All of life is snatched from death. Our responsibility is to fully taste it. I believe that we each live many lifetimes, that none of us is a stranger to the other. I believe that temporal time, as we perceive it, is an illusion. And so the part of me that is not the grieving mother knows deeply in her heart that the duration of this lifetime of Jack’s is not what really matters. And that any attempt to cling to it only ends in despair.
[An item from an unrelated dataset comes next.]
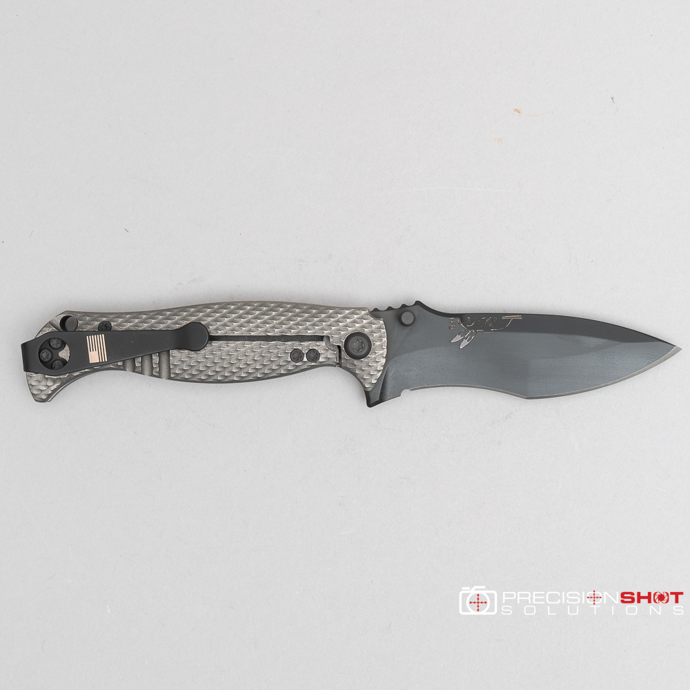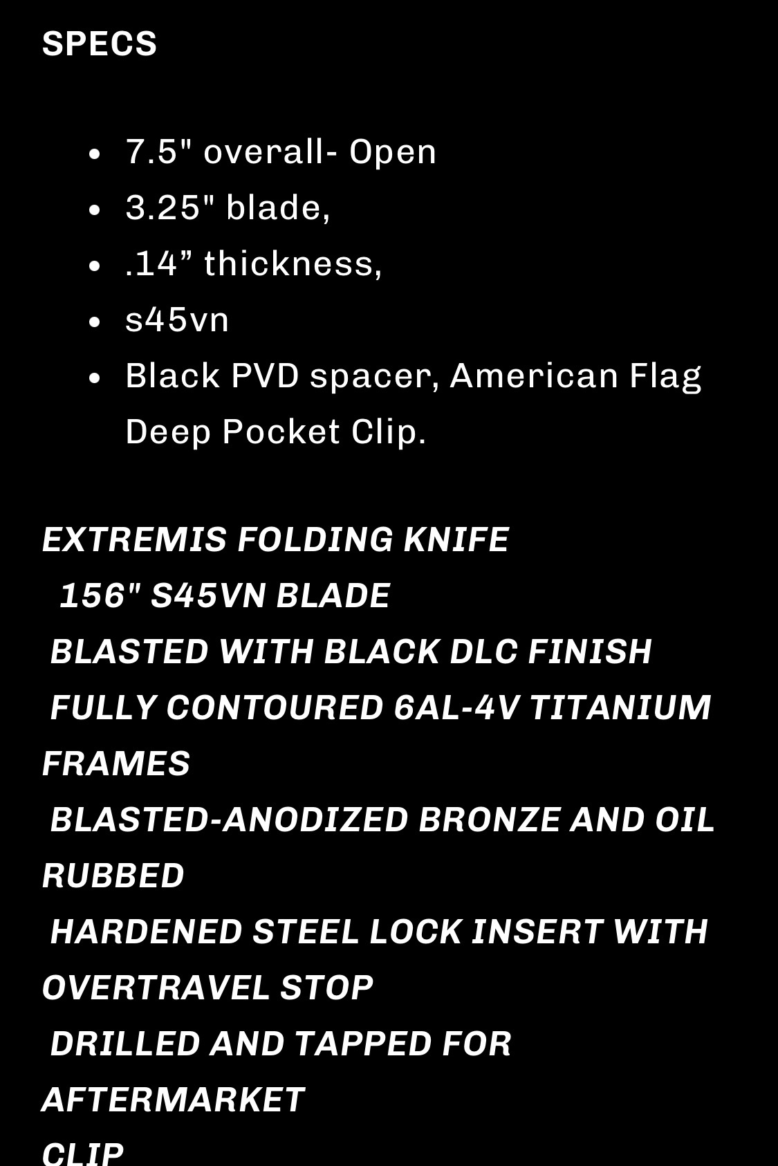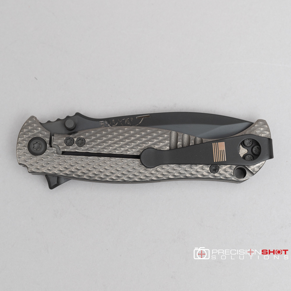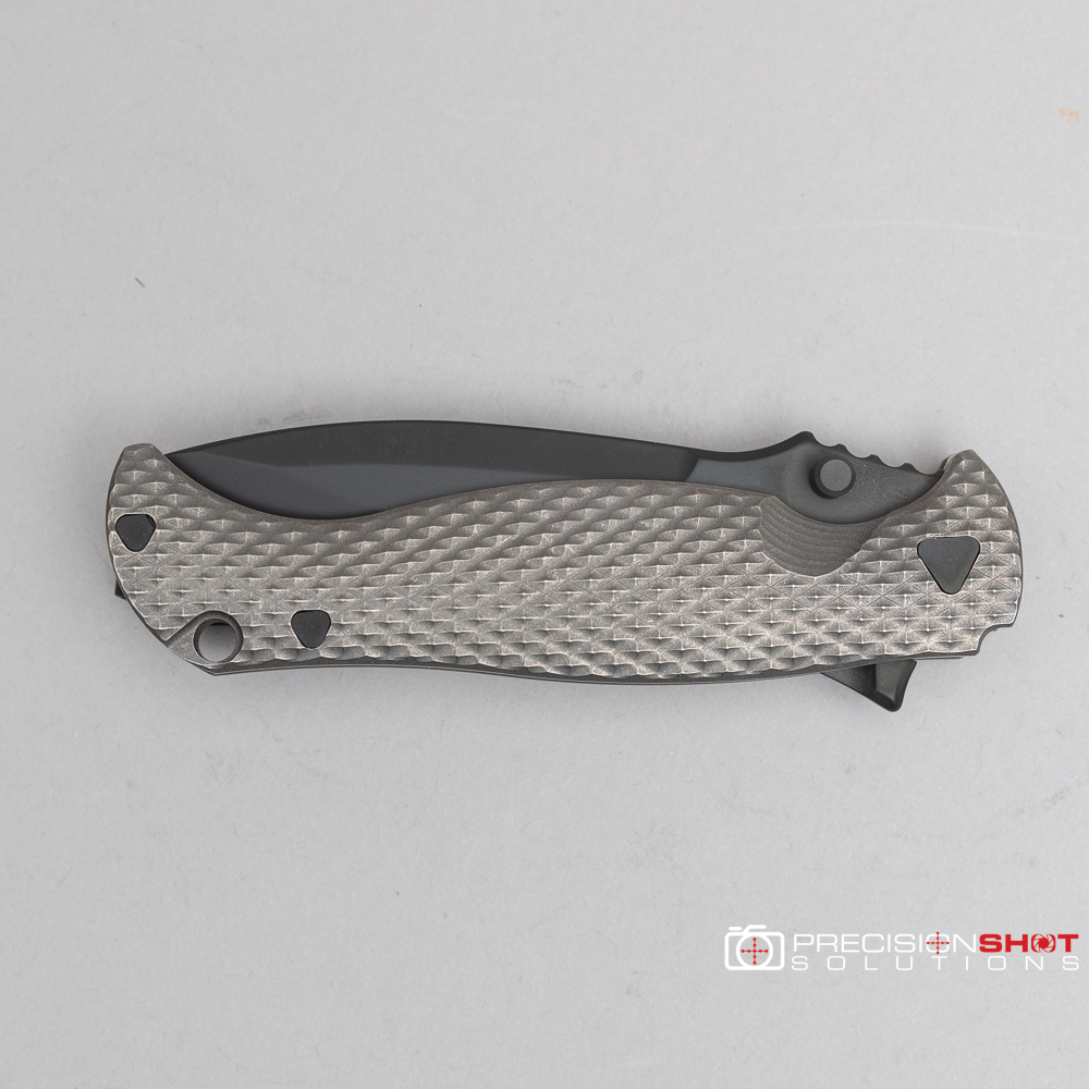 This is the Half Face Blades Extremis folder with tumbled raw titanium scales, black PVD coated blade, and deep carry pocket clip.
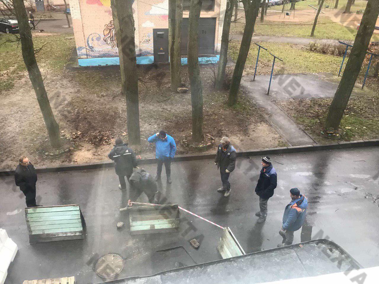 А всего-то в одном из дворов Минска ограждают выбоину в дороге.

  It was impossible, with all the death I had witnessed, not to think about how I was eventually going to die. Was I going to cling to life in desperation? Would death happen suddenly, as for my grandfather? Would it drag out, with me helpless at the epicenter, like Lily Dunhill? Or would I accept it with equanimity like Leonard Sullivan? Sullivan, a patient I took care of for almost three years, loved the sea, loved to sail his little catboat on Long Island Sound. “I must go down to the seas again” is the beginning of “Sea Fever,” a poem his son, a college professor, told me he recited countless times, sometimes to express his sense of awe about the sea and sailing ships, sometimes to express his frustration that he was living in a home in suburbia rather than leading the sailor’s “vagrant gypsy life.” When he entered the terminal phase of his disease, his wife insisted on the most aggressive treatment possible, but Sullivan rejected it. After he died, his son wrote this letter:

  Near the end of his life, when he was no longer responsive, when the “death rattle” began in his breathing, I read “Sea Fever” to him. As soon as I started reading the poem he rose up in bed and started turning his head from side to side and up and down. What I witnessed I will never forget. We had been talking to him for the last several hours but he seemed not to hear us. But I know he heard that poem, something familiar, something from his past, something etched in his memory and dear to his heart. What I believe, what I want to believe and yet, what I do believe, is that hearing this poem took away my father’s fear of death, and that this is the reason why, just five minutes after reading him the poem, he passed away. And what I want to believe is that he passed away, beyond the horizon, on a tall sailing ship, listening to the song of the wind, the seagulls crying, amused by a merry yarn from a laughing fellow rover, feeling the kick of the wheel and the shaking of the sails, living at last that vagrant gypsy life for which he longed so intensely his entire life, and finding, at the end of life’s long trick, a quiet sleep and a sweet dream.